> Data to use:
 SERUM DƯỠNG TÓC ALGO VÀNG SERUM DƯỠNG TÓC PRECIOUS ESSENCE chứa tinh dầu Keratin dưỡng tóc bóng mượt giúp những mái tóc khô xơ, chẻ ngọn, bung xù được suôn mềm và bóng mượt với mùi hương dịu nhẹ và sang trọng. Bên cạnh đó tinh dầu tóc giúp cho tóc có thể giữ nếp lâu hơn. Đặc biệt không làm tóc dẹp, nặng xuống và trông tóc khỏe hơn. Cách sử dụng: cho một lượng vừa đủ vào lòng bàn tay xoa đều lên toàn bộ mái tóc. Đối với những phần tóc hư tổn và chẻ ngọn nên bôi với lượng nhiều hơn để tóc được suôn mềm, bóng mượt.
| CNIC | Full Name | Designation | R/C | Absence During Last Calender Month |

* * *

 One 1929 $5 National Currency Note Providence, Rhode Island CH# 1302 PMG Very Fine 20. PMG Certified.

> The task:
Repeat, character for character, the lines of the material above from the line with "SERUM DƯỠNG TÓC ALGO" through the line with "Calender Month |".

> Answer box:
 SERUM DƯỠNG TÓC ALGO VÀNG SERUM DƯỠNG TÓC PRECIOUS ESSENCE chứa tinh dầu Keratin dưỡng tóc bóng mượt giúp những mái tóc khô xơ, chẻ ngọn, bung xù được suôn mềm và bóng mượt với mùi hương dịu nhẹ và sang trọng. Bên cạnh đó tinh dầu tóc giúp cho tóc có thể giữ nếp lâu hơn. Đặc biệt không làm tóc dẹp, nặng xuống và trông tóc khỏe hơn. Cách sử dụng: cho một lượng vừa đủ vào lòng bàn tay xoa đều lên toàn bộ mái tóc. Đối với những phần tóc hư tổn và chẻ ngọn nên bôi với lượng nhiều hơn để tóc được suôn mềm, bóng mượt.
| CNIC | Full Name | Designation | R/C | Absence During Last Calender Month |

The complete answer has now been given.